Hello,
I’m implementing an AI chat feature for our application’s HTML reports and facing accuracy issues. I’d appreciate your insights on the following problem:
Current Scenario
We’ve integrated an AI chat panel into our application’s reporting system to allow users to get summaries and ask questions about financial reports (like income statements, balance sheet).
The Issue
The AI consistently fails to extract accurate data from these reports, even for simple queries.

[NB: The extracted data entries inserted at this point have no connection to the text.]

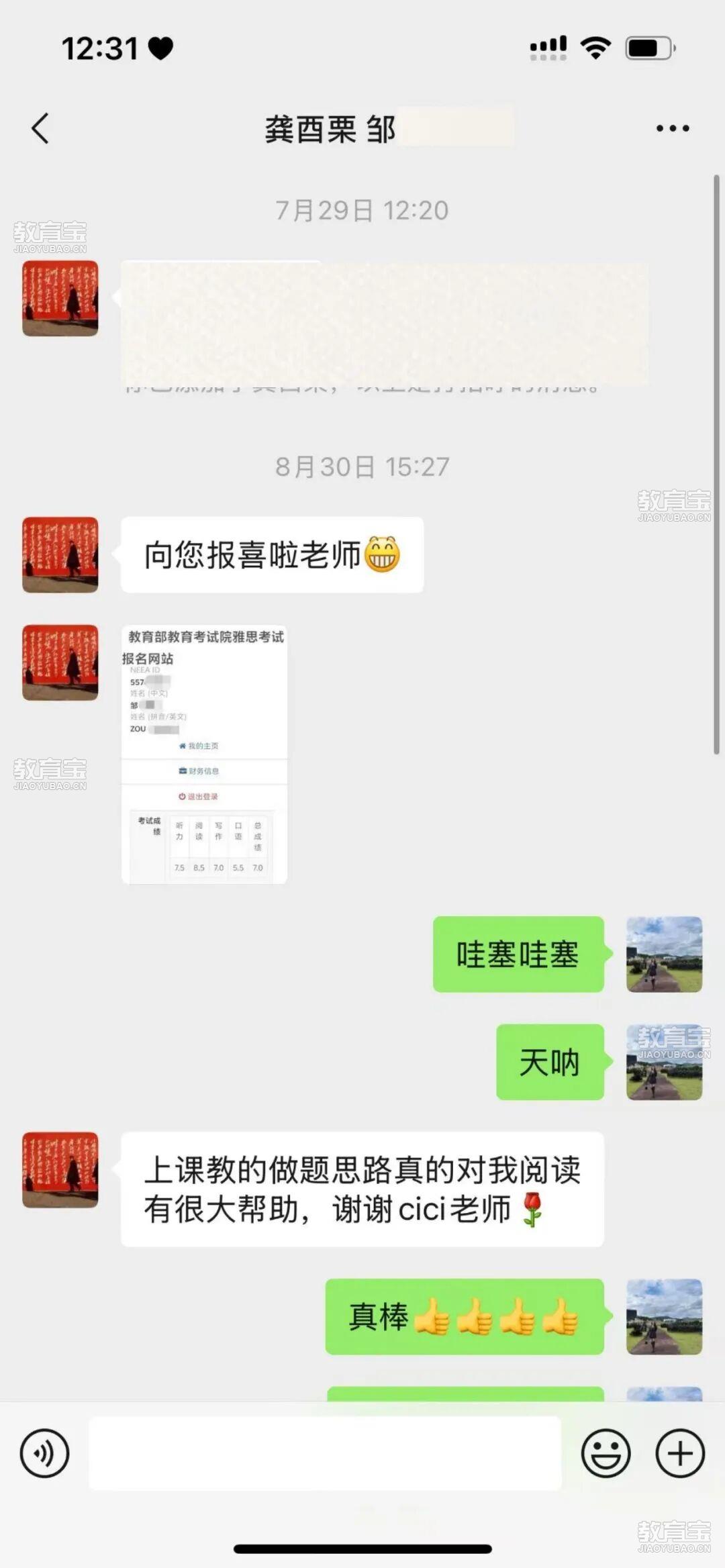 遗憾的是我的口语,不过这个分数也是我的意料之中。一个是我真的比较社恐,再加上我平时缺乏了对口语的练习,考场上我见到考官,一紧张就没有发挥的很好02可以分享一下你听力阅读的技巧吗?可以的。虽然我的听力和阅读基础本来就不错,但是最终看到自己的分数还是超乎自己的意料;特别是听力老师对我的细心指导,让我在听力上有很大的进步刚开始我的听力其实一直是卡在6分的样子,就算我刷再多的题都没有突破瓶颈。后面上课之后,Jojo老师讲解了许多技巧比如如何通过关键句抓全文内容如何高效精听等等,不仅帮助我提高了我的做题速度同时准确度也得到了提升,当然课后还是需要不断去练习课上老师教的技巧
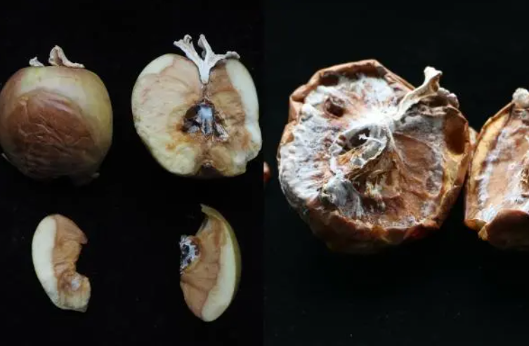 7月10日(左邊)和7月11日(右邊)蘋果上的白參菌絲生長對(duì)比。許容聚博士供圖(圖2)
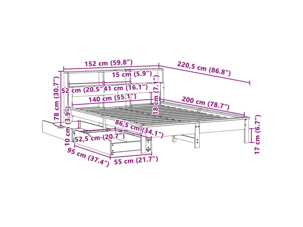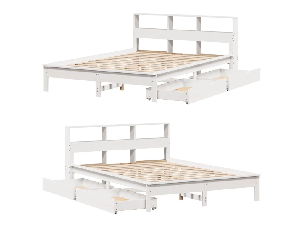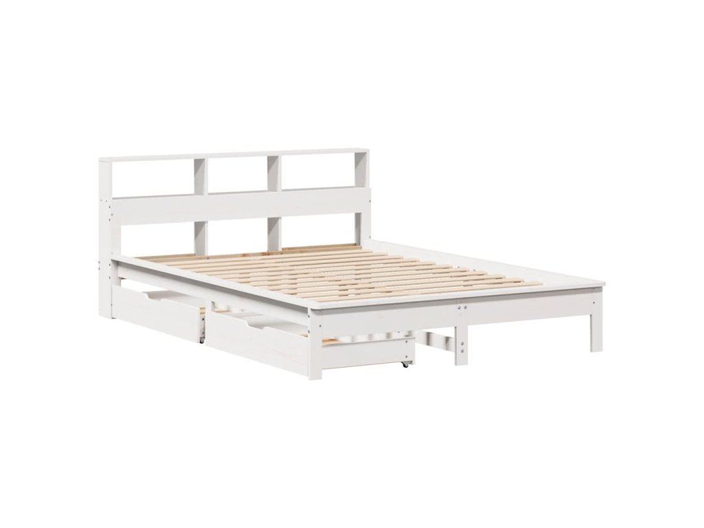 Postel s knihovnou bez matrace bílá 140x200 cm masivní borovice 3309810

For example, when asking “How many operating expenses are there?” “Give breakdown of top 5 operating expense from the month of oct?” from an income statement, the AI cannot provide the correct answer even after multiple attempts.
Solutions We’ve Tried
- HTML Solution:
- Added metadata attributes to our HTML to help the AI understand the document hierarchy
- Included specific instructions in our system prompts about parsing the HTML structure
- Result: Still inaccurate responses
- PDF Solution:
- Converted reports to PDF format
- Result: AI continues to hallucinate and provides incorrect counts and stats
- Image Solution:
- Tried image-based reports
- Result: Same issues with accuracy and hallucination
- JSON Solution:
- Converted data to structured JSON format, expecting better results
- Even with simple flat datasets, the AI struggles with basic counting queries
- Even ChatGPT on the web ultimately resorted to running code to answer the question
- Example: When for test purpose we gave an array of flat user data and asked “How many males are there?”, it couldn’t answer correctly
Dummy Data:
[{
"id": 1,
"first_name": "Broderic",
"last_name": "Kidder",
"email": "bkidder0@cdbaby.com",
"gender": "Male",
"ip_address": "94.205.115.55"
},{},{},{}]
- New Responses API with GPT-4o:
- Built a proof of concept using GPT-4o with the new responses API
- Result: Still experienced the same hallucination issues with flat dataset in JSON.
Questions
- Are we taking the wrong approach to this problem?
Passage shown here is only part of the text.